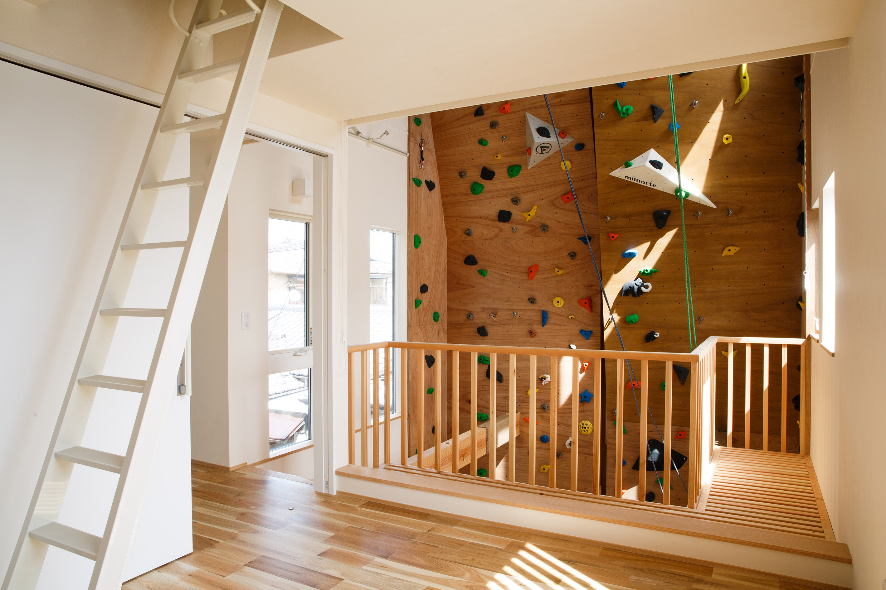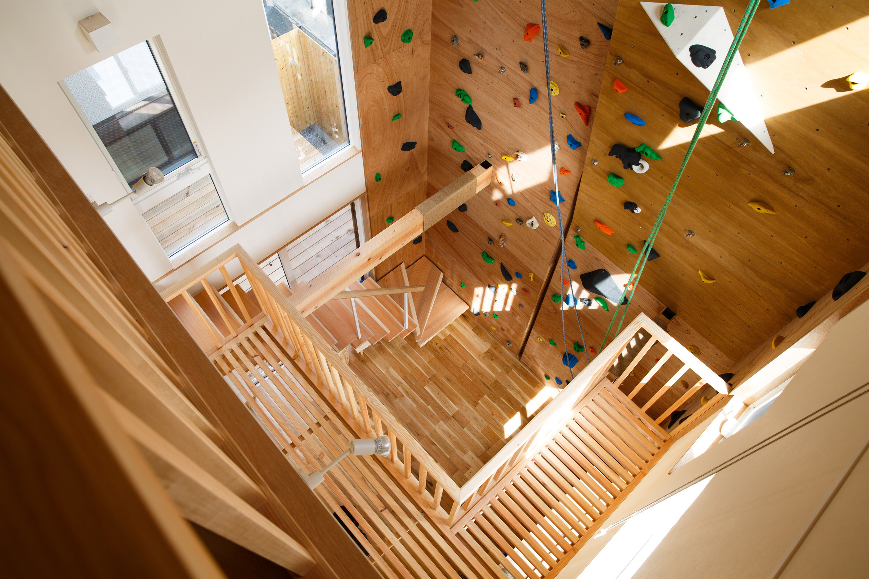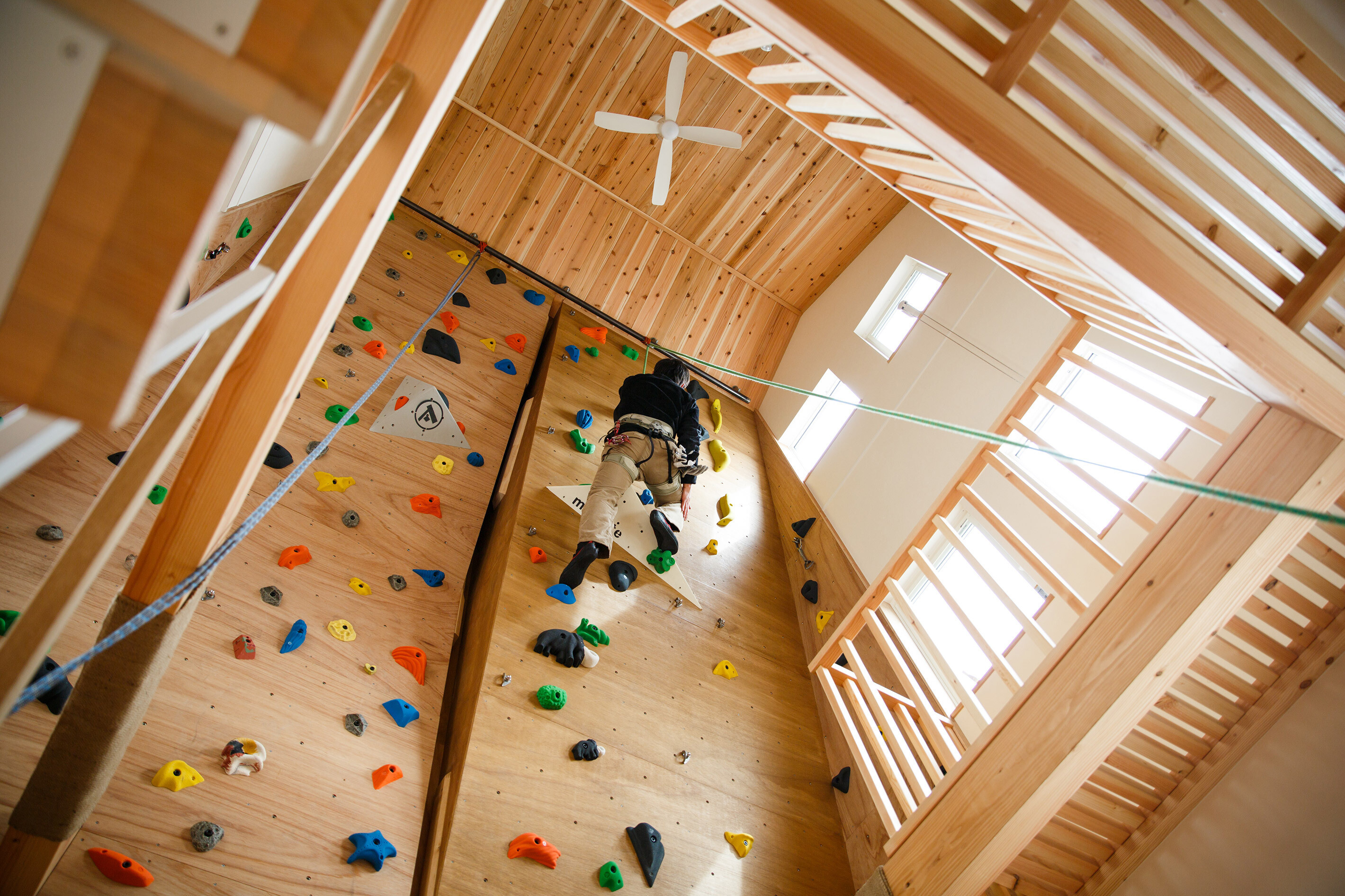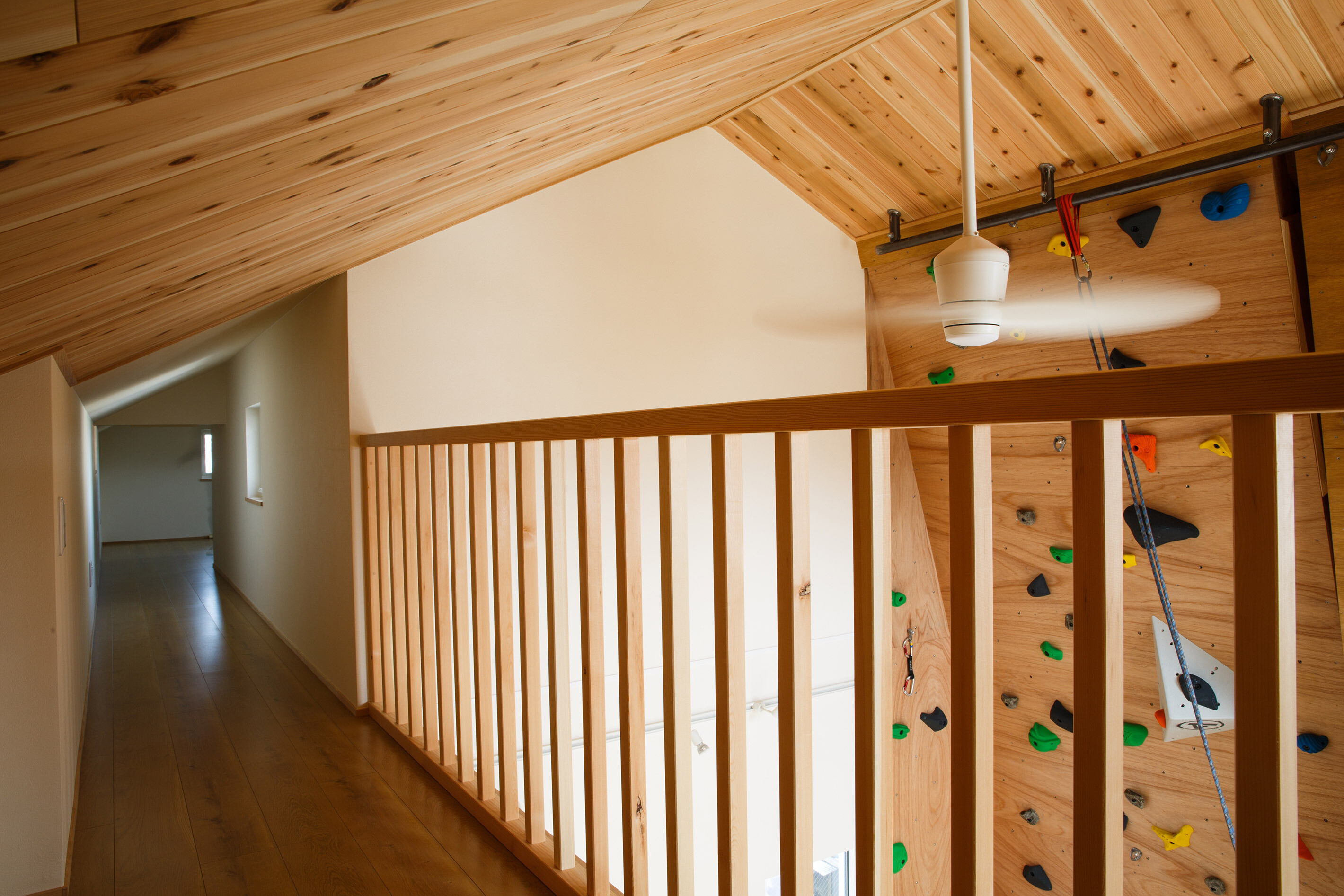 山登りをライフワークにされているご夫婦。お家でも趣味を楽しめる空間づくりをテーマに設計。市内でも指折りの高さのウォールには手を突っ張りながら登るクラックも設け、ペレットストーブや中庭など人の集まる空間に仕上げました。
--
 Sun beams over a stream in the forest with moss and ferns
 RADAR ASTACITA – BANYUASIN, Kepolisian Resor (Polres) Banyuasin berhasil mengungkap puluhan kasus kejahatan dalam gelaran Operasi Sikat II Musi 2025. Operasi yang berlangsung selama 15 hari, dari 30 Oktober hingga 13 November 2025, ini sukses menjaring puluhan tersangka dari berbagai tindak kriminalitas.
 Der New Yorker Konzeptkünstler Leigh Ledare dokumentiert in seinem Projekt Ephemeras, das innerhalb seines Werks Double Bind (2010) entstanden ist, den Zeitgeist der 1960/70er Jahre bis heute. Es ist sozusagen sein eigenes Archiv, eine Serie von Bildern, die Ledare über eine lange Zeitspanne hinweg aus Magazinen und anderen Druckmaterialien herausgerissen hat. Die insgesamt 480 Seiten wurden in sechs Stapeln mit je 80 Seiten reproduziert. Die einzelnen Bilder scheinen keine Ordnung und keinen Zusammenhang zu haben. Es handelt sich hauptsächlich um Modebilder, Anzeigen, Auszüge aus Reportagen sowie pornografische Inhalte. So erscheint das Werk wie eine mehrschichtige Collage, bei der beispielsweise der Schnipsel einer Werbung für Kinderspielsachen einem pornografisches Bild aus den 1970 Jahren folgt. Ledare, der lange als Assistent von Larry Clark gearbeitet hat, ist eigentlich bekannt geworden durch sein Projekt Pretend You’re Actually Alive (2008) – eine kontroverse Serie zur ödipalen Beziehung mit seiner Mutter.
---
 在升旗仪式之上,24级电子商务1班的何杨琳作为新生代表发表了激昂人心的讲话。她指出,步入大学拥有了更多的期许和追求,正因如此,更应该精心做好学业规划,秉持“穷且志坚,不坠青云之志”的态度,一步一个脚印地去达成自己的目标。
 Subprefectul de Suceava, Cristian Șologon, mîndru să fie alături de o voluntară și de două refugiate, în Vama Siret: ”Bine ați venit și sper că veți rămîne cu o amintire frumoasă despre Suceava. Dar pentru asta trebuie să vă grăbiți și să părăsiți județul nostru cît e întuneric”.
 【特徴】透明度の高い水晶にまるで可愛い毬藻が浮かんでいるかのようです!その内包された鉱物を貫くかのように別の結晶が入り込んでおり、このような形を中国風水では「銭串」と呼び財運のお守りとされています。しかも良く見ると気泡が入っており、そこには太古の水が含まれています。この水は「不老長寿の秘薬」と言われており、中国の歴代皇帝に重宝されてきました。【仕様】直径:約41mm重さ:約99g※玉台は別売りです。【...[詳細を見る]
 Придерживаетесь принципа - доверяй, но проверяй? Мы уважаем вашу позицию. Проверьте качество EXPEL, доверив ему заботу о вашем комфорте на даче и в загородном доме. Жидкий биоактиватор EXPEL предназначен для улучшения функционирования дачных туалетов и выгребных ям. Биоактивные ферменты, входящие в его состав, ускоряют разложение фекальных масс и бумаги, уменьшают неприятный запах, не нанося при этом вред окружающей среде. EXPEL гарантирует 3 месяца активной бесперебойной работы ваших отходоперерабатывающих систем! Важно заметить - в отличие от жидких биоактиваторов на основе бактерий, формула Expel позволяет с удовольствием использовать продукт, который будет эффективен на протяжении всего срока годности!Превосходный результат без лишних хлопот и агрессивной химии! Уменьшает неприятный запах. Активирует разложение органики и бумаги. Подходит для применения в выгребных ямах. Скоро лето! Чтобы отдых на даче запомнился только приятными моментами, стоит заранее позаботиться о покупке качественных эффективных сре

● WORK ORDER: The exact lines of the material above starting at the one that contains "Sun beams over" and ending at the one that contains "RADAR ASTACITA –" are what to retype; leave out everything else.

● WRITTEN SOLUTION:
 Sun beams over a stream in the forest with moss and ferns
 RADAR ASTACITA – BANYUASIN, Kepolisian Resor (Polres) Banyuasin berhasil mengungkap puluhan kasus kejahatan dalam gelaran Operasi Sikat II Musi 2025. Operasi yang berlangsung selama 15 hari, dari 30 Oktober hingga 13 November 2025, ini sukses menjaring puluhan tersangka dari berbagai tindak kriminalitas.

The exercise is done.